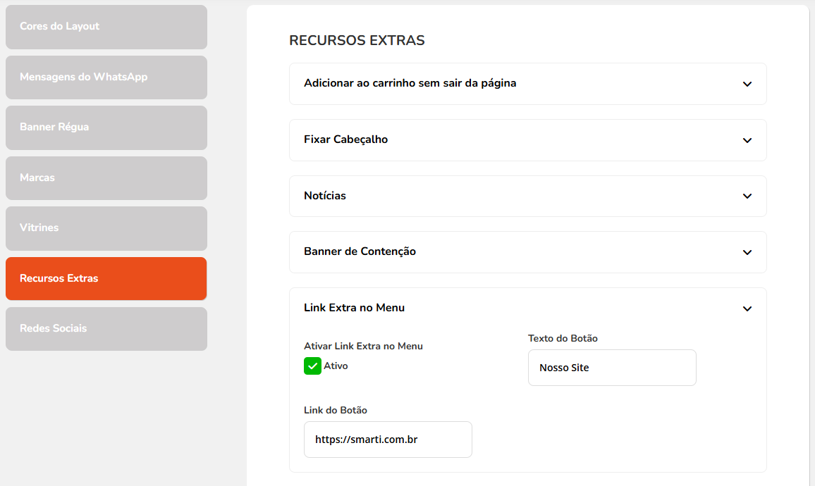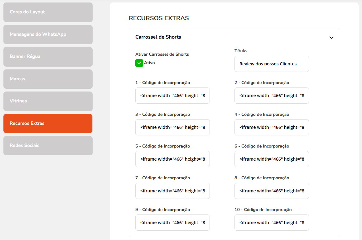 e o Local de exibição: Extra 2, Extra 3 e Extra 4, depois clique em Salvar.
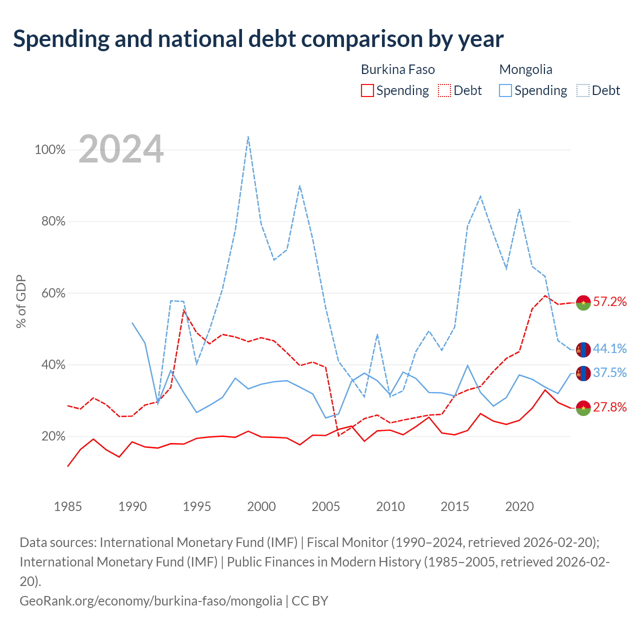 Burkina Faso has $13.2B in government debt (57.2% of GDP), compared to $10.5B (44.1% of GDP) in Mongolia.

==============================

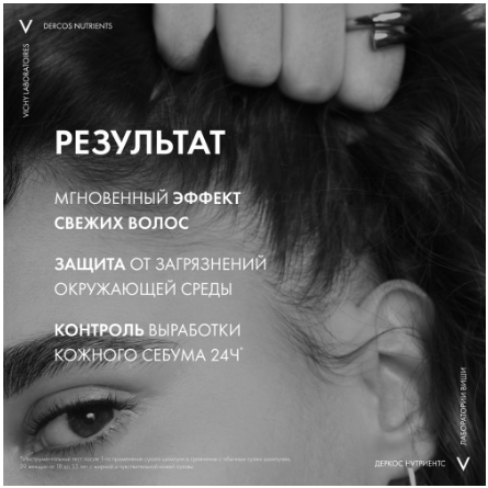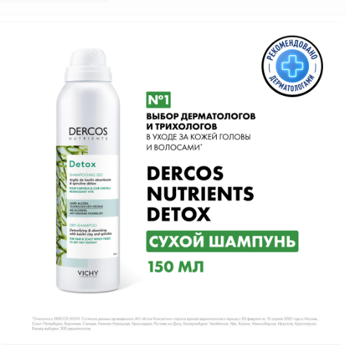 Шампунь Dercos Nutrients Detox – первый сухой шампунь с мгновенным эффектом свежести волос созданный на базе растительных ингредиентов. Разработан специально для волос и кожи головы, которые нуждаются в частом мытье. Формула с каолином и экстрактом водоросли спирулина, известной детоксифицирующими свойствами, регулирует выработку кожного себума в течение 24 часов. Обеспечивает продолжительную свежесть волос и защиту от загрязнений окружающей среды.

==============================

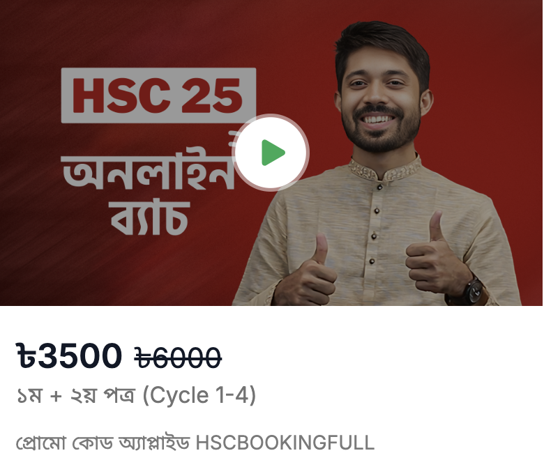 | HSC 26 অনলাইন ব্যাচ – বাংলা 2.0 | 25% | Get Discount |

==============================

### What this task involves:
In the entries above, find the line with "e o Local de" and the line with "Burkina Faso has". Write out exactly those two lines and every line between them, pictures excluded.

### Task response:
 e o Local de exibição: Extra 2, Extra 3 e Extra 4, depois clique em Salvar.
 Burkina Faso has $13.2B in government debt (57.2% of GDP), compared to $10.5B (44.1% of GDP) in Mongolia.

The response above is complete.